EDU_Day5(kor)

공부/기타

EDU_Day5(kor)

Smallghost 2024. 2. 28. 03:00

오늘부터 데이터 분석에 관한 실습을 진행하게 되어, 새 데이터셋으로 어떻게 잘 해보려했는데, 잘 안되어서 약간 당황스럽지만 일단 기록한다.

범죄자 가족상황과 재전과범률과의 상관관계를 알아보기 위해 공공포털에 들어가서 '경찰청_범죄자 생활정도, 혼인관계 및 부모관계_12_31_2020'와 '경찰청_범죄자 범행시 전과 및 재범여부_12_31_2020' 두개를 얻어왔다.

0. 환경준비

#라이브러리 불러오기
import pandas as pd
import numpy as np
import matplotlib.pyplot as plt
import seaborn as sns

1. 데이터 로딩 : 범죄 관련 데이터

변수명	설명	구분
Ex-conviction (subordinate)	전과(소계)	Target
Level of living (downstream)	생활정도(하)	Feature
Quality of living (middle class)	생활정도(중)	Feature
Standard of living (upper)	생활정도(상)	Feature
Quality of living (unknown)	생활정도(미상)	Feature
Major category of Crime	범죄대분류	Feature
Crime classification	범죄중분류	Feature
Unknown	미상	Feature

# 데이터 로딩 및 설명

# 경찰청_범죄자 생활정도, 혼인관계 및 부모관계_12_31_2020 (출처 URL : https://www.data.go.kr/tcs/dss/selectDataSetList.do?keyword=%EB%B2%94%EC%A3%84%EC%9E%90&conditionType=search&org=&orgFilter=&orgFullName=)

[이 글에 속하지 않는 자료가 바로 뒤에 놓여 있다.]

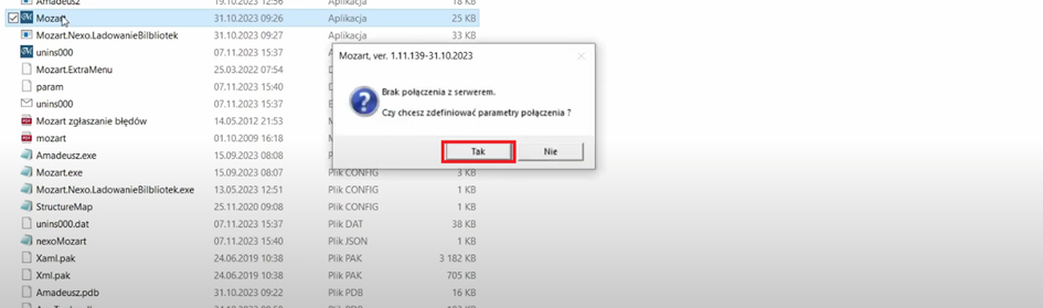 W kolejnym kroku wchodzimy w aplikację Mozarta Nexo Pro. Pojawi się komunikat o braku połączeniu z serwerem, czy chcemy zdefiniować parametry? Zaznaczamy TAK.

path = 'National_Police_Agency_Criminal_living_standards,_marital_relationships,_and parental_relationships_12_31_2020.csv'
temp1 = pd.read_csv(path)
temp1.head()

	Major category of Crime	Crime classification	Standard of living (in the world)	Level of living (downstream)	Quality of living (middle class)	Standard of living (upper)	Quality of living (unknown)	Marital relationship (in line)	Marriage relationship (subordinate)	Marital relationship (spouse)	...	Single parent relationship (real (positive) parent)	Single parent relationship (step-parent)	Single parent relationship (parental mother)	Single parent relationship (parent mother)	Single parent relationship (mother-in-law)	Parental relationship of unmarried persons (mother-in-law)	Parental relationship of unmarried persons (Stepmother-in-law)	Single parent relationship (non-parent)	Unknown
0	Brutal Crime	Murder	341	172	72	6	91	341	158	81	...	45	0	2	8	0	17	0	20	91
1	Brutal Crime	Attempted Murder	454	276	93	3	82	454	234	123	...	82	1	0	10	1	19	1	24	82
2	Brutal Crime	Theft	1202	713	327	15	147	1202	257	144	...	615	2	8	37	8	69	3	56	147
3	Brutal Crime	Rape	6113	1831	1987	78	2217	6113	1295	798	...	1998	8	23	143	19	270	2	139	2216
4	Brutal Crime	Pseudo-Rape	934	331	362	7	234	934	236	145	...	352	1	4	21	3	55	1	29	232

5 rows × 24 columns

# 경찰청_범죄자 범행시 전과 및 재범여부_12_31_2020(출처 URL : https://www.data.go.kr/tcs/dss/selectDataSetList.do?keyword=%EB%B2%94%EC%A3%84%EC%9E%90&conditionType=search&org=&orgFilter=&orgFullName=)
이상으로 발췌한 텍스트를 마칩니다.